On me dira qu’il est toujours avantageux de disposer d’un bilan psychologique puisqu’on est alors beaucoup mieux renseigné sur les fragilités et les points forts de l’élève auquel on s’adresse. C’est peu contestable a priori sauf qu’il s’agit seulement d’un bénéfice et pas de la raison première pour laquelle le bilan est réalisé. Celle-ci devrait être questionnée car si le bilan psychométrique contribue à ce qui pourrait apparaître au final comme une discrimination médico-sociale, cela pose problème.
Le code de déontologie des psychologues leur fait obligation d’informer les personnes concernées des « objectifs, modalités et limites » de leur intervention mais pas des possibles conséquences d’une évaluation, même de nature à engendrer une discrimination par l’intelligence. Peut-être serait-il temps de prendre en compte cet aspect car, au moins pour la dyslexie (et probablement aussi pour la dyscalculie selon Léonard Vannetzel) les données scientifiques actuelles contestent la logique institutionnelle. Ne serait-ce pas manquer à l’éthique professionnelle que de continuer de collaborer à cette dernière sans s’assurer de son bien-fondé au regard des études récentes ?
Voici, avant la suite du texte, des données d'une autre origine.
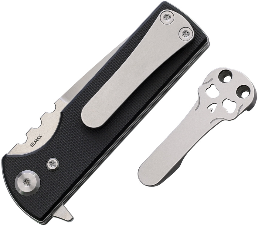 3.38″ (8.59cm) closed. 2.75″ (6.99cm) satin finish Elmax steel tanto blade. Black G10 handle. Extended tang. Comes with traditional and Chaves skull pocket clips. Boxed.

Quoi qu’il en soit, il est clair que les personnels de soin en général, les psychologues en particulier, font individuellement de leur mieux pour pallier aux défauts de cette logique institutionnelle qui seule peut (et doit) être mise en cause. Il y a là, je crois, matière à une réflexion urgente car ajouter la discrimination au handicap n’est plus tolérable dans nos sociétés supposément avancées.